Wilt wrote in post #18166736
Sigma is Japanese, and many Japanese products have controls which are the opposite of everything else...My wife's Toyota
- turns Off its windshield wiper by moving the control stalk UP, down is On and Fastest
- the door locks when you turn the top of the key AWAY from the door sill (like throwing closed a deadbolt by twisting the top of the knob AWAY from your home's doorjamb).
And unlike other Japanese lens makers, Sigma seems to NOT have consistency between lenses with regard to zoom direction or Infinity direction. Someone on POTN noticed that the Sigma 50-150 f/2.8 changed from Nikon wise in the original version to Canon wise in the latest HSM OS version. Older EX series go Nikon direction,Sigma 28-300 DG is Canon direction.
I think that was me, in that I was looking for a 50-150, and had a look at a couple, and they do indeed change.
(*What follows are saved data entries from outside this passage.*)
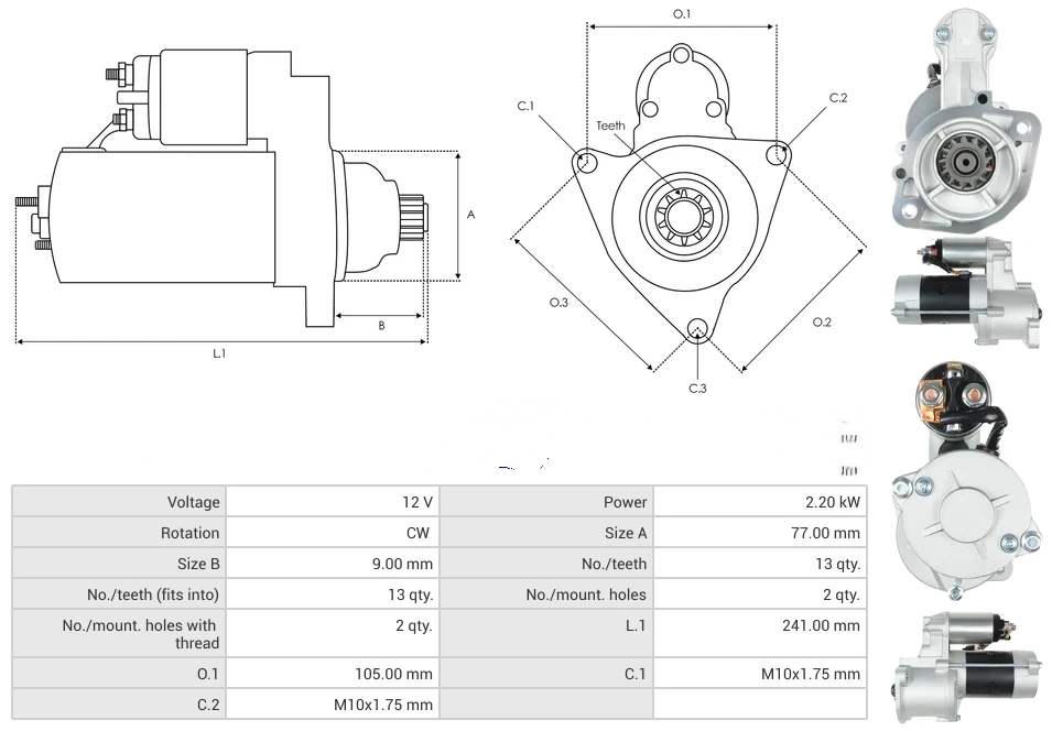 Starters Voltage [ V ] 12 Power [ kW ] 2.20 Rotation CW Size A [ mm ] 77.00 Size B [ mm ] 9.00 No./teeth [ qty. ] 13 No./teeth (fits into) [ qty. ] 13 No./mount. holes [ qty. ] 2 No./mount. holes with thread [ qty. ] 2 L.1 [ mm ] 241.00 O.1 [ mm ] 105.00 C.1 [ mm ] M10x1.75 C.2 [ mm ] M10x1.75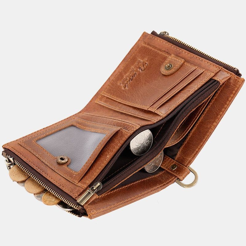 Mężczyźni Bifold Anti-theft Portfele Z Prawdziwej Skóry Krótki O Dużej Pojemności Uchwyt Na Wiele Kart Portmonetka Portmonetka Klip Na Pieniądze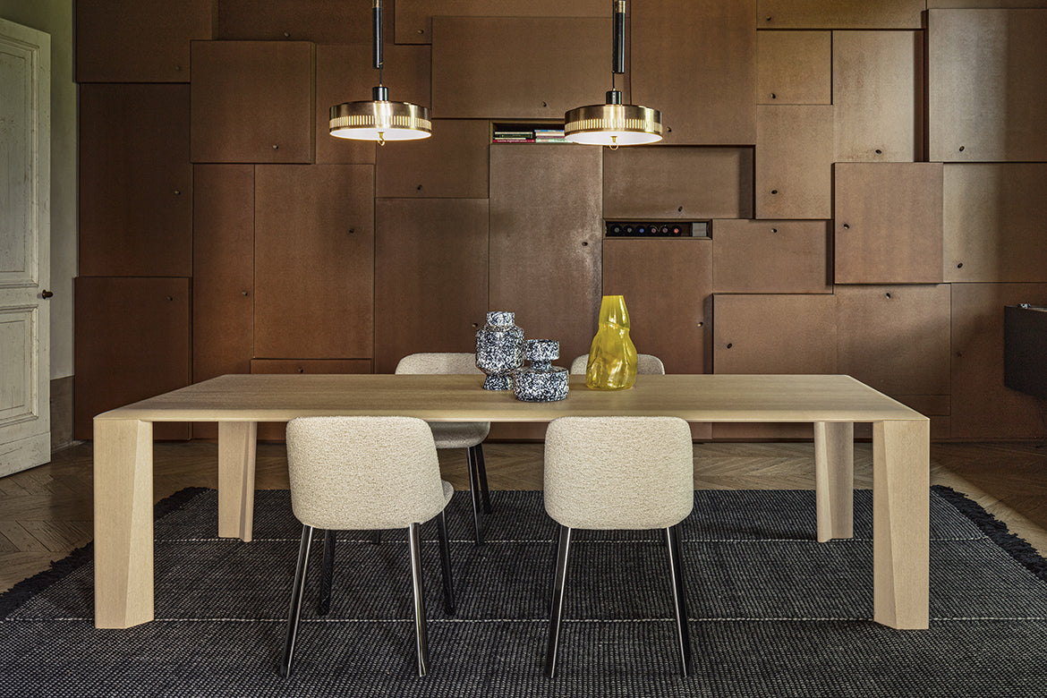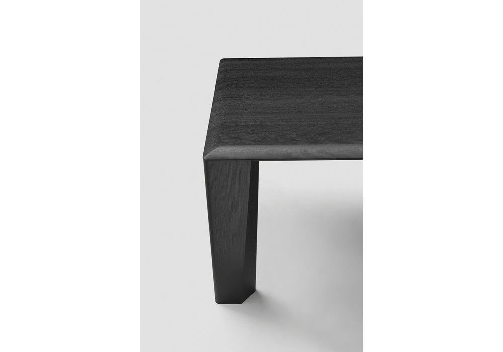 Dynamisme et tension. Entièrement réalisée en bois, la table Enea se distingue par ses géométries particulières qui mettent en valeur son design et sa matière. Le plateau est caractérisé par un bord façonné biseauté à 45° : le travail particulier du revêtement permet au grain du bois d'envelopper chaque côté, dans une continuité matérielle et visuelle qui souligne et met en valeur l'effet de pli et la plasticité apparente des surfaces. Les pieds, créés à partir d'une figure façonnée recouverte de placage de bois, naissent d'un processus similaire au pliage : le résultat est un pied iconique et caractéristique, souligné par le grain du bois.

I also have the 28-300 which goes the same way as my 18-55 for zoom, and the opposite for focus, I think I might have got that wrong last time, I don't really use the 18-55 very much. My older 20-40 f/2.8 goes the opposite way to Canon for both, and my 150-600 goes the same way for both. The two shorter focal length lenses have a virtually identical MF/AF switch to the 18-55. The big lens has switches more akin the those on the big whites in size and layout. In every case, there are four switches on the lens, and all three are three position the off/minimum position is nearest the camera body. The top switch being the MF/MO/AF (The MO is equivalent to Canon's FTM, although it seems to offer FTM in AF mode too), while the second switch is the focus limiter.2.8-10m/10m-Infinity/Full. Then there is the OS switch with Off/Mode 1/Mode 2. The last switch is the custom settings switch, which allows you to effectively have three lens setups by using the default switches, and then two custom settings set from the dock.
When it comes to the on/off position for switches it is actually far more common throughout the world to find up for off and down for on. Back when I was radar tech in the RAF we had some Tektronix oscilloscopes which were easier to set up and use than the HP ones we had, they had a larger diameter tube. The only problem was that the Tektronix scopes were US spec, and all the switches worked backwards for us Brits. The HP scopes were UK spec and the switches were the right way round. Oh and add to the annoyance, for some reason now that we have moved from wire fuses to breakers in our fuseboxes they have adopted backwards switches, probably thanks to the EU that one.